| SUPPLIED MATERIAL |

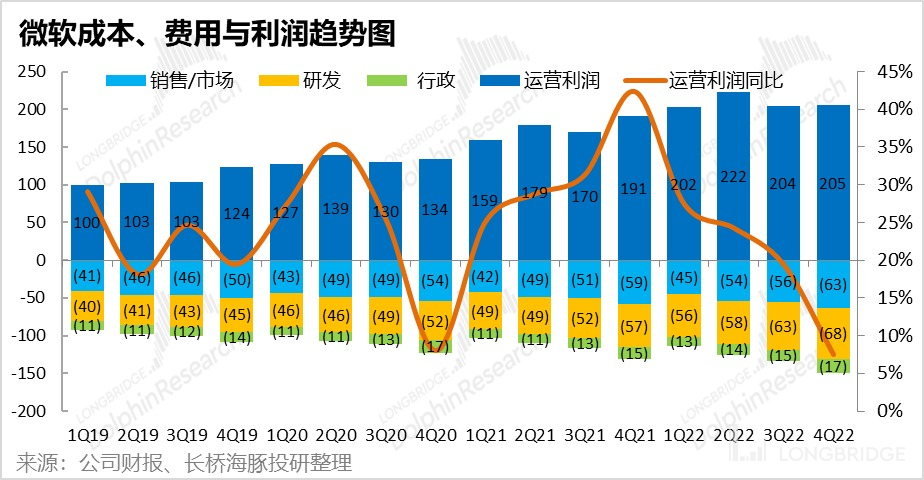 不过,在通胀大背景下,公司的运营费用看来短期内不会缩窄,仍会保持在 148 亿-149 亿美元之间,与本季度基本一致。因此,下季度微软有望实现经营利润 213 亿元,经营利润率相较本季也会略微改善到 40.2%。
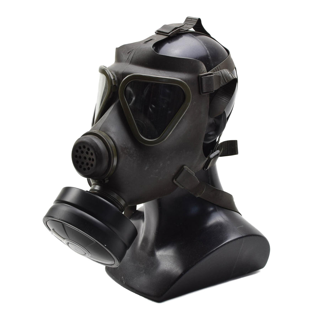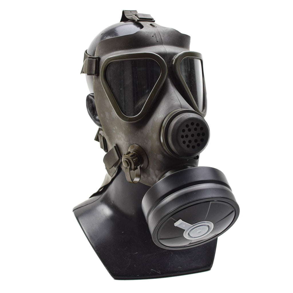The set includes the gas mask, original olive storage bag, and filter. The mask features a durable rubber body, adjustable head straps for secure fit, and a classic military design that makes it an excellent collectible or display piece.
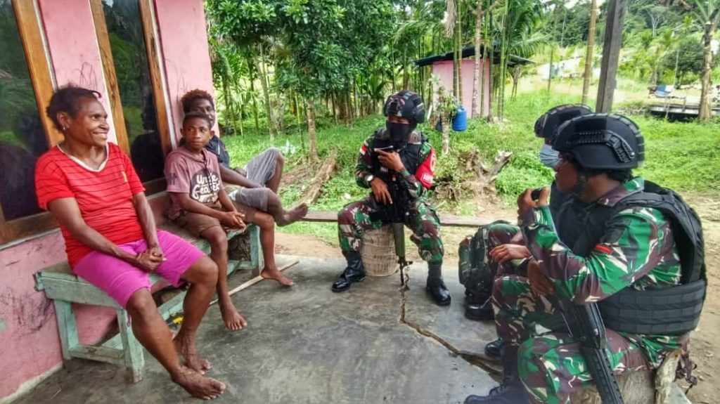 Keerom – Dalam upaya menjaga masayarakat binaan agar terhindar dari wabah penyakit yang muncul di musim penghujan, Pos Km 76 Satgas Pamtas RI-PNG Yonif Mekanis 512/QY melaksanakan anjangsana dan mengajak warga agar menjaga kebersihan lingkungan di Kampung Uskuar, Distrik Mannem, Kabupaten Keerom Papua. Senin (12/07/2021)
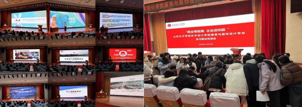 2023年11月29日,由艺术设计学院主办,服装与服饰设计专业承办的山东女子学院艺术设计学院服装与服饰设计专业实习就业双选会在图书馆二楼报告厅举行。
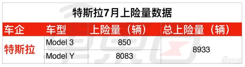 尽管如此,特斯拉8月份的销量也非常惊人。7月份特斯拉的销量只有28217辆,其在国内上险的车型只有8933台,Model Y的上险量只有8083台,Model 3更是仅850台。
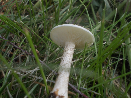Der 2–13 cm breite Hut ist weiß-gelb gefärbt. Die Form ist meist schirmförmig, andere, kegelförmig. Er ist hygrophan (Die Hutfarbe ändert sich bei Feuchtigkeit).

| ASSIGNMENT |
Leave the pictures out and output the rest of the listing exactly.

| ANSWER FOR THIS EXERCISE |
 不过,在通胀大背景下,公司的运营费用看来短期内不会缩窄,仍会保持在 148 亿-149 亿美元之间,与本季度基本一致。因此,下季度微软有望实现经营利润 213 亿元,经营利润率相较本季也会略微改善到 40.2%。
The set includes the gas mask, original olive storage bag, and filter. The mask features a durable rubber body, adjustable head straps for secure fit, and a classic military design that makes it an excellent collectible or display piece.
 Keerom – Dalam upaya menjaga masayarakat binaan agar terhindar dari wabah penyakit yang muncul di musim penghujan, Pos Km 76 Satgas Pamtas RI-PNG Yonif Mekanis 512/QY melaksanakan anjangsana dan mengajak warga agar menjaga kebersihan lingkungan di Kampung Uskuar, Distrik Mannem, Kabupaten Keerom Papua. Senin (12/07/2021)
 2023年11月29日,由艺术设计学院主办,服装与服饰设计专业承办的山东女子学院艺术设计学院服装与服饰设计专业实习就业双选会在图书馆二楼报告厅举行。
 尽管如此,特斯拉8月份的销量也非常惊人。7月份特斯拉的销量只有28217辆,其在国内上险的车型只有8933台,Model Y的上险量只有8083台,Model 3更是仅850台。
Der 2–13 cm breite Hut ist weiß-gelb gefärbt. Die Form ist meist schirmförmig, andere, kegelförmig. Er ist hygrophan (Die Hutfarbe ändert sich bei Feuchtigkeit).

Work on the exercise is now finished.